» **WHAT THIS TASK INVOLVES**: Return the records below exactly as they are written.

» **DATASET ENTRIES**:

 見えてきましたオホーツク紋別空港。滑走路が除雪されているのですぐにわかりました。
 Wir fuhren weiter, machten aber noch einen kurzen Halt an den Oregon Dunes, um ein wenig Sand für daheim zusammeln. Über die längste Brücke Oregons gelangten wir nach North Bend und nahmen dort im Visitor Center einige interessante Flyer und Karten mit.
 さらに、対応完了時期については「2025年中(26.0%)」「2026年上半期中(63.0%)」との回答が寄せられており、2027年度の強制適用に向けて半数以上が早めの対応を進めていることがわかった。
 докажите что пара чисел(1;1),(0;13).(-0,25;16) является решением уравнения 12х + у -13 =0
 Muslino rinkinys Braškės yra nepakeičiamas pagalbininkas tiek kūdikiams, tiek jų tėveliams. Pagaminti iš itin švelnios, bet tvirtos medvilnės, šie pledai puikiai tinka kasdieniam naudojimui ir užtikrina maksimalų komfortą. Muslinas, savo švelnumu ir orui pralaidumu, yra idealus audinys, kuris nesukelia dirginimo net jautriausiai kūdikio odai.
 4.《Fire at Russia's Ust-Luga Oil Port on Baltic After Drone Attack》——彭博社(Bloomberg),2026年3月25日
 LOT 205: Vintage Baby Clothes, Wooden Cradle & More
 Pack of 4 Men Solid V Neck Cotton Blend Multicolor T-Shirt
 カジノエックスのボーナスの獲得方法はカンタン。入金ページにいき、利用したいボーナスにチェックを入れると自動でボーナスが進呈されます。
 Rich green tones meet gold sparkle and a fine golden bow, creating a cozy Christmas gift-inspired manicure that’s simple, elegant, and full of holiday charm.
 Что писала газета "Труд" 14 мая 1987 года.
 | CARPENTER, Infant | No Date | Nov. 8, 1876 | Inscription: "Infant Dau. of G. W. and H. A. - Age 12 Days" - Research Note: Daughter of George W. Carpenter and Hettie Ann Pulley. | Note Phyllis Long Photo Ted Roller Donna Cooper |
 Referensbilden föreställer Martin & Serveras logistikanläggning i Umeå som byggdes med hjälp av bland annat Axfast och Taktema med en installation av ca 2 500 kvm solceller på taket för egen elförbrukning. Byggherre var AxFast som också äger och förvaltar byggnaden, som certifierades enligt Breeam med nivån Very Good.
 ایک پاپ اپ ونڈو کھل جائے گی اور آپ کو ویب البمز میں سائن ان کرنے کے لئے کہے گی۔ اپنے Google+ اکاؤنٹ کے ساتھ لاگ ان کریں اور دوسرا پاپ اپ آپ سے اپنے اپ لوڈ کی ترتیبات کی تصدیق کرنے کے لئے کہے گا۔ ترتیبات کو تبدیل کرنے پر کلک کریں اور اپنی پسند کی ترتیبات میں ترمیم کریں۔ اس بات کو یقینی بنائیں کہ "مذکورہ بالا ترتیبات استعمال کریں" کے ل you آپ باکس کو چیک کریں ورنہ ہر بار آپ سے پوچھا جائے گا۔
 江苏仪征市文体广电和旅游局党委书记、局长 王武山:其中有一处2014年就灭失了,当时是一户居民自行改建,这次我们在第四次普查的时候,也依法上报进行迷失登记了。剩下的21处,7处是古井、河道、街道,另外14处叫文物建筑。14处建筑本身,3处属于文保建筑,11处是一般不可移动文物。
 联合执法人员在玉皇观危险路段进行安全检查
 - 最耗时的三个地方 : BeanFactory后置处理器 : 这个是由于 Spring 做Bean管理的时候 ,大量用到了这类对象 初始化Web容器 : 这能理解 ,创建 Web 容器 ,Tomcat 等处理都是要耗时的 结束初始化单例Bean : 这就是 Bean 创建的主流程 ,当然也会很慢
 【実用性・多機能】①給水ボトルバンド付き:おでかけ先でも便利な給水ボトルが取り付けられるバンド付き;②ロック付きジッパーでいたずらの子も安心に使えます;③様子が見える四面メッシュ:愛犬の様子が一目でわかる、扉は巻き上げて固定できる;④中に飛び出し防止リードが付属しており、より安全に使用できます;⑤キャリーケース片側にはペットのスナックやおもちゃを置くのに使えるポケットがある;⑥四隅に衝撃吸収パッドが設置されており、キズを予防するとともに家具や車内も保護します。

» **SOLUTION FOR THIS EXERCISE**:
 見えてきましたオホーツク紋別空港。滑走路が除雪されているのですぐにわかりました。
 Wir fuhren weiter, machten aber noch einen kurzen Halt an den Oregon Dunes, um ein wenig Sand für daheim zusammeln. Über die längste Brücke Oregons gelangten wir nach North Bend und nahmen dort im Visitor Center einige interessante Flyer und Karten mit.
 さらに、対応完了時期については「2025年中(26.0%)」「2026年上半期中(63.0%)」との回答が寄せられており、2027年度の強制適用に向けて半数以上が早めの対応を進めていることがわかった。
 докажите что пара чисел(1;1),(0;13).(-0,25;16) является решением уравнения 12х + у -13 =0
 Muslino rinkinys Braškės yra nepakeičiamas pagalbininkas tiek kūdikiams, tiek jų tėveliams. Pagaminti iš itin švelnios, bet tvirtos medvilnės, šie pledai puikiai tinka kasdieniam naudojimui ir užtikrina maksimalų komfortą. Muslinas, savo švelnumu ir orui pralaidumu, yra idealus audinys, kuris nesukelia dirginimo net jautriausiai kūdikio odai.
 4.《Fire at Russia's Ust-Luga Oil Port on Baltic After Drone Attack》——彭博社(Bloomberg),2026年3月25日
 LOT 205: Vintage Baby Clothes, Wooden Cradle & More
 Pack of 4 Men Solid V Neck Cotton Blend Multicolor T-Shirt
 カジノエックスのボーナスの獲得方法はカンタン。入金ページにいき、利用したいボーナスにチェックを入れると自動でボーナスが進呈されます。
 Rich green tones meet gold sparkle and a fine golden bow, creating a cozy Christmas gift-inspired manicure that’s simple, elegant, and full of holiday charm.
 Что писала газета "Труд" 14 мая 1987 года.
 | CARPENTER, Infant | No Date | Nov. 8, 1876 | Inscription: "Infant Dau. of G. W. and H. A. - Age 12 Days" - Research Note: Daughter of George W. Carpenter and Hettie Ann Pulley. | Note Phyllis Long Photo Ted Roller Donna Cooper |
 Referensbilden föreställer Martin & Serveras logistikanläggning i Umeå som byggdes med hjälp av bland annat Axfast och Taktema med en installation av ca 2 500 kvm solceller på taket för egen elförbrukning. Byggherre var AxFast som också äger och förvaltar byggnaden, som certifierades enligt Breeam med nivån Very Good.
 ایک پاپ اپ ونڈو کھل جائے گی اور آپ کو ویب البمز میں سائن ان کرنے کے لئے کہے گی۔ اپنے Google+ اکاؤنٹ کے ساتھ لاگ ان کریں اور دوسرا پاپ اپ آپ سے اپنے اپ لوڈ کی ترتیبات کی تصدیق کرنے کے لئے کہے گا۔ ترتیبات کو تبدیل کرنے پر کلک کریں اور اپنی پسند کی ترتیبات میں ترمیم کریں۔ اس بات کو یقینی بنائیں کہ "مذکورہ بالا ترتیبات استعمال کریں" کے ل you آپ باکس کو چیک کریں ورنہ ہر بار آپ سے پوچھا جائے گا۔
 江苏仪征市文体广电和旅游局党委书记、局长 王武山:其中有一处2014年就灭失了,当时是一户居民自行改建,这次我们在第四次普查的时候,也依法上报进行迷失登记了。剩下的21处,7处是古井、河道、街道,另外14处叫文物建筑。14处建筑本身,3处属于文保建筑,11处是一般不可移动文物。
 联合执法人员在玉皇观危险路段进行安全检查
 - 最耗时的三个地方 : BeanFactory后置处理器 : 这个是由于 Spring 做Bean管理的时候 ,大量用到了这类对象 初始化Web容器 : 这能理解 ,创建 Web 容器 ,Tomcat 等处理都是要耗时的 结束初始化单例Bean : 这就是 Bean 创建的主流程 ,当然也会很慢
 【実用性・多機能】①給水ボトルバンド付き:おでかけ先でも便利な給水ボトルが取り付けられるバンド付き;②ロック付きジッパーでいたずらの子も安心に使えます;③様子が見える四面メッシュ:愛犬の様子が一目でわかる、扉は巻き上げて固定できる;④中に飛び出し防止リードが付属しており、より安全に使用できます;⑤キャリーケース片側にはペットのスナックやおもちゃを置くのに使えるポケットがある;⑥四隅に衝撃吸収パッドが設置されており、キズを予防するとともに家具や車内も保護します。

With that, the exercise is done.